Input Two points p1(x1,y1) , p2(x2,y2) you must find the length of shortest path from p1 to p2,

for example if p1(1,1) , p2(4,4) then the shortest path has lenght of 9 edges,

enter image description here

I did something like depth first search, it works great if the distance between the two point is small, and take long time for example for the points (1,1) & (10,10),

And there is a limit on the points the maximum point is (12,12).

my approach is to convert the above picture to an undirected graph with all weights to 1, and then find the shortest path.

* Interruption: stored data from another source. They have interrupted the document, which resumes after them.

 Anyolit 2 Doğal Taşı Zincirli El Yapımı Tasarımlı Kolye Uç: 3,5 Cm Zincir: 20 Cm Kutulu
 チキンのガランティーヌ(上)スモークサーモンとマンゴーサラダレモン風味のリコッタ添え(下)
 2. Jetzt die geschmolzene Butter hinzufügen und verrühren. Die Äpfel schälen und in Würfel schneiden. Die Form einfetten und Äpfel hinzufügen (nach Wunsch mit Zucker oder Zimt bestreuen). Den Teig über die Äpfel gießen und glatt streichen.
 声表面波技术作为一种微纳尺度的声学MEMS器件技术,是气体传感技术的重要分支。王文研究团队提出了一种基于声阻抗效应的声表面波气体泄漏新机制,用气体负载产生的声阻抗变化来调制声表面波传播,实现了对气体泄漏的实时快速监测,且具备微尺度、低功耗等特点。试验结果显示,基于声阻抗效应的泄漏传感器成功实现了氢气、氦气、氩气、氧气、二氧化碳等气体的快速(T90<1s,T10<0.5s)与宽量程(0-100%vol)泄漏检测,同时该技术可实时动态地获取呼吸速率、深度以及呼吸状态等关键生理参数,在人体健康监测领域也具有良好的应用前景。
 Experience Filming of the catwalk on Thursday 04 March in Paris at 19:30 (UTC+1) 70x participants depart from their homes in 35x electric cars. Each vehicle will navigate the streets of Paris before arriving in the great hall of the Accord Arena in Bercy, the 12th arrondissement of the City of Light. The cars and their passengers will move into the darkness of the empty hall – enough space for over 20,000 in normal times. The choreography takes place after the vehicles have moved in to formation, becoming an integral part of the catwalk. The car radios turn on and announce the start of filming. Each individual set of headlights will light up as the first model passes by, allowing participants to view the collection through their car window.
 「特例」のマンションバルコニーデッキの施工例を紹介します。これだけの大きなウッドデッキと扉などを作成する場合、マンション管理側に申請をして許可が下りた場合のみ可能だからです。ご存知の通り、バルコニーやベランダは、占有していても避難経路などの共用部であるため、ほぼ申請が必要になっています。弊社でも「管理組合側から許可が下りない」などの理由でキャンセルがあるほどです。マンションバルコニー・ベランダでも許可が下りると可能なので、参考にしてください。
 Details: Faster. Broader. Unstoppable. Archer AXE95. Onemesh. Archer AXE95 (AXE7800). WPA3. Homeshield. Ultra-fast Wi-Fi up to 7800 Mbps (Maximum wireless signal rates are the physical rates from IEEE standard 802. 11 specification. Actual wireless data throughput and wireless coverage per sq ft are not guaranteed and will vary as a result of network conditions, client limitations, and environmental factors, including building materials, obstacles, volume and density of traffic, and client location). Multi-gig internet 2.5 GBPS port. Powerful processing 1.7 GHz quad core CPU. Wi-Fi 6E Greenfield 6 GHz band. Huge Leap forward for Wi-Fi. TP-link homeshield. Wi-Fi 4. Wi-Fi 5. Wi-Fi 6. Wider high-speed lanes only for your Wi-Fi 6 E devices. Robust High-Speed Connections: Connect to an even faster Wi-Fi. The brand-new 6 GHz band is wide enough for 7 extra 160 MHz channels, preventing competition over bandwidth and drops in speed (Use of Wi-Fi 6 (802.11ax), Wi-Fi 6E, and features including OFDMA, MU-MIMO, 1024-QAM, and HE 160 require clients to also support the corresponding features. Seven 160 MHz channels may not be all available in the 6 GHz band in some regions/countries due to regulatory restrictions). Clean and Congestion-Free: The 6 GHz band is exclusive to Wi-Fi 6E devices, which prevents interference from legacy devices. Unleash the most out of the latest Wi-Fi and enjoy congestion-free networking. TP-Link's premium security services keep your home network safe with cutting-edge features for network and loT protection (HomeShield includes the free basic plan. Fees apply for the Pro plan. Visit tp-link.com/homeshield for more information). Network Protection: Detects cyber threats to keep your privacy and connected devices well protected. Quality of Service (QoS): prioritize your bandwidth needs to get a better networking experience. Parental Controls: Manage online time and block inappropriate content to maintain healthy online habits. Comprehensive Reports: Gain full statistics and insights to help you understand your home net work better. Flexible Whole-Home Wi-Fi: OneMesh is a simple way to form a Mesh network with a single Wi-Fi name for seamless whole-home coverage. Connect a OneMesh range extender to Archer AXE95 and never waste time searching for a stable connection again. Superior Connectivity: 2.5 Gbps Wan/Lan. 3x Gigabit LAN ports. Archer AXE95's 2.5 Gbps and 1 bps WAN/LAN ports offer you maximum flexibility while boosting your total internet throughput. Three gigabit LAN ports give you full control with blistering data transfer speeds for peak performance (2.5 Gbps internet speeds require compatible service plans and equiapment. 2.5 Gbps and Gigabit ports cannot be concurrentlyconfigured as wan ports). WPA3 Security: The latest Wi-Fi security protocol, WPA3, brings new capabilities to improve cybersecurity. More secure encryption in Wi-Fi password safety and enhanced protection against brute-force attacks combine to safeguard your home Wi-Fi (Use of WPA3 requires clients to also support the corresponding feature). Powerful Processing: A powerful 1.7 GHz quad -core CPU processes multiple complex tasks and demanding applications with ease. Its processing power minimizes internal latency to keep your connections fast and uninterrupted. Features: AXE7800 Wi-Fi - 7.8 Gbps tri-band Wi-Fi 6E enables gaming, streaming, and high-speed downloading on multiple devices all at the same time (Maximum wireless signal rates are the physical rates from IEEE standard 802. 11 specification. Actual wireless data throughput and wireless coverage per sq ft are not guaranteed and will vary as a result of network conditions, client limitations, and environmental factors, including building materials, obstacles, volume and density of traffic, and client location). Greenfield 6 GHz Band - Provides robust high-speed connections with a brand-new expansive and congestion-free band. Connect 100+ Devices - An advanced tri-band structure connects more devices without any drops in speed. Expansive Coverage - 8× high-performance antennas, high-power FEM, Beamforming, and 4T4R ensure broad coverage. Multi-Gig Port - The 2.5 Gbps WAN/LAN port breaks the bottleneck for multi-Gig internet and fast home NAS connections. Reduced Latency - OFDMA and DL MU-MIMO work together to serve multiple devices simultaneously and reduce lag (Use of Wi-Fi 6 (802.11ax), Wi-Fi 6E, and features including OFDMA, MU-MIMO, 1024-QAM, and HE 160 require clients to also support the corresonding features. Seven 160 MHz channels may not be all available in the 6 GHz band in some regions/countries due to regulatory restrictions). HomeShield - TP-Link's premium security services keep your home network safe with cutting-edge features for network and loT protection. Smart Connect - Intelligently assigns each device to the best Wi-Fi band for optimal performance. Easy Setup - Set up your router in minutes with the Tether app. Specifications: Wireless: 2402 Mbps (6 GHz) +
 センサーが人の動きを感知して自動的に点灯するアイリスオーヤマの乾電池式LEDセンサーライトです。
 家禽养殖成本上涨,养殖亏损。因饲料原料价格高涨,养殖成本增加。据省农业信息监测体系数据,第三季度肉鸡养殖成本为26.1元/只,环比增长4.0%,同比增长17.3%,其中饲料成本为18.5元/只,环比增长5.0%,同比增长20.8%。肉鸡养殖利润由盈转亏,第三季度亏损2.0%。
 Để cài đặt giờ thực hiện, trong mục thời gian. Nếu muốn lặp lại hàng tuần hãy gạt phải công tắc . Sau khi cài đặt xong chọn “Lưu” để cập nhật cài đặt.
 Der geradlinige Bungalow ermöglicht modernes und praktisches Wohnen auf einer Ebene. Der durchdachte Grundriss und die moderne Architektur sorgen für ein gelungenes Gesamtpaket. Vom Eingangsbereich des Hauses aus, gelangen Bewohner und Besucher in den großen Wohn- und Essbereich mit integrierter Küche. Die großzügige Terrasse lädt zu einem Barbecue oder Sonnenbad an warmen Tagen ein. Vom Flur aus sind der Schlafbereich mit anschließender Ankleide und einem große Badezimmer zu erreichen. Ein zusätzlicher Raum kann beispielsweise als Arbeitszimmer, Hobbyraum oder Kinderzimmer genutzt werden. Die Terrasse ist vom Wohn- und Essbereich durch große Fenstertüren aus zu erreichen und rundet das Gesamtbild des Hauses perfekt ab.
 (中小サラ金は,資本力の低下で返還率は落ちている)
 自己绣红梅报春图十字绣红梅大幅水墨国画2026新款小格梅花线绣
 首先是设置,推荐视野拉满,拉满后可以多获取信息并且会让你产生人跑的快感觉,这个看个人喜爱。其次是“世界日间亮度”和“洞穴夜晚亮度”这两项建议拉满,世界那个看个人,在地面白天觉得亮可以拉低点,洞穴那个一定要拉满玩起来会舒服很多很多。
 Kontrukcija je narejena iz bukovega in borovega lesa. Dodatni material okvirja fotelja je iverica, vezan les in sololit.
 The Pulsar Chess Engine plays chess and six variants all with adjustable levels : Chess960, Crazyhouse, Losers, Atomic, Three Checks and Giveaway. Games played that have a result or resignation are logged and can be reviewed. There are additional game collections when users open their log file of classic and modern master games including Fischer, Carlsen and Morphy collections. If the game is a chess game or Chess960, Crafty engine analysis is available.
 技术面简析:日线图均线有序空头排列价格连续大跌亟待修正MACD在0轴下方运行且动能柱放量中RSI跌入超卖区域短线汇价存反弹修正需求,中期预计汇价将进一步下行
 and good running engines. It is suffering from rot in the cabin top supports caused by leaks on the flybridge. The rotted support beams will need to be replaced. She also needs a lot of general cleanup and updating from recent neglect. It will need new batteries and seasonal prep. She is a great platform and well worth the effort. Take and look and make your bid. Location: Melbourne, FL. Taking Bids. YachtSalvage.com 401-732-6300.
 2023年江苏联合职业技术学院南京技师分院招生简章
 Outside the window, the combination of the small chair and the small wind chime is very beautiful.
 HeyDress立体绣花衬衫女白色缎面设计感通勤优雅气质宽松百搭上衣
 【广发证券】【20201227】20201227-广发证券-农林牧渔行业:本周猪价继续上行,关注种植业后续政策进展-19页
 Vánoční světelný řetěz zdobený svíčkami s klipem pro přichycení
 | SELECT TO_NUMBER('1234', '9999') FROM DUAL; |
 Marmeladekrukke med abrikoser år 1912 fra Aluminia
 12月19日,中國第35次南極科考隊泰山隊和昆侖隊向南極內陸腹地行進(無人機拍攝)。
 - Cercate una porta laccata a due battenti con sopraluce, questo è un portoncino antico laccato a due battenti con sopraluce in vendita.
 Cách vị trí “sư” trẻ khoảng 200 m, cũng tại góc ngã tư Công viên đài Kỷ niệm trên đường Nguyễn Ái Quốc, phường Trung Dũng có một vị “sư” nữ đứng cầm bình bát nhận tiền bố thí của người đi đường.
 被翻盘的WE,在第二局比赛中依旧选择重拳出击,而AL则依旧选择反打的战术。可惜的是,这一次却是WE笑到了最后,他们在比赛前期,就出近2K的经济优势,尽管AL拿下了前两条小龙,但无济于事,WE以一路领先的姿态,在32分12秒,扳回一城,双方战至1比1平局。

here are my function that finds the shortest path: 

int minCost;
vector<int> path;
multimap<int,int> Connections;
typedef multimap<int,int>::iterator mmit;

void shortestPath(int cs){
    if(cs > minCost)
        return;
    if(path.back() == Target){
        if(cs < minCost)
            minCost = cs;
        return;
    }

    pair<mmit,mmit> it = Connections.equal_range(path.back());
    mmit mit = it.first;

    for( ; mit != it.second ; ++mit){
        if(isVisited(mit->second))
            continue;
        markVisited(mit->second);
        path.push_back(mit->second);
        shortestPath(cs+1);
        markUnvisited(mit->second);
        path.pop_back();
    }
}

Is there any way faster than this ?? could i use dijkstra for this undirected graph ??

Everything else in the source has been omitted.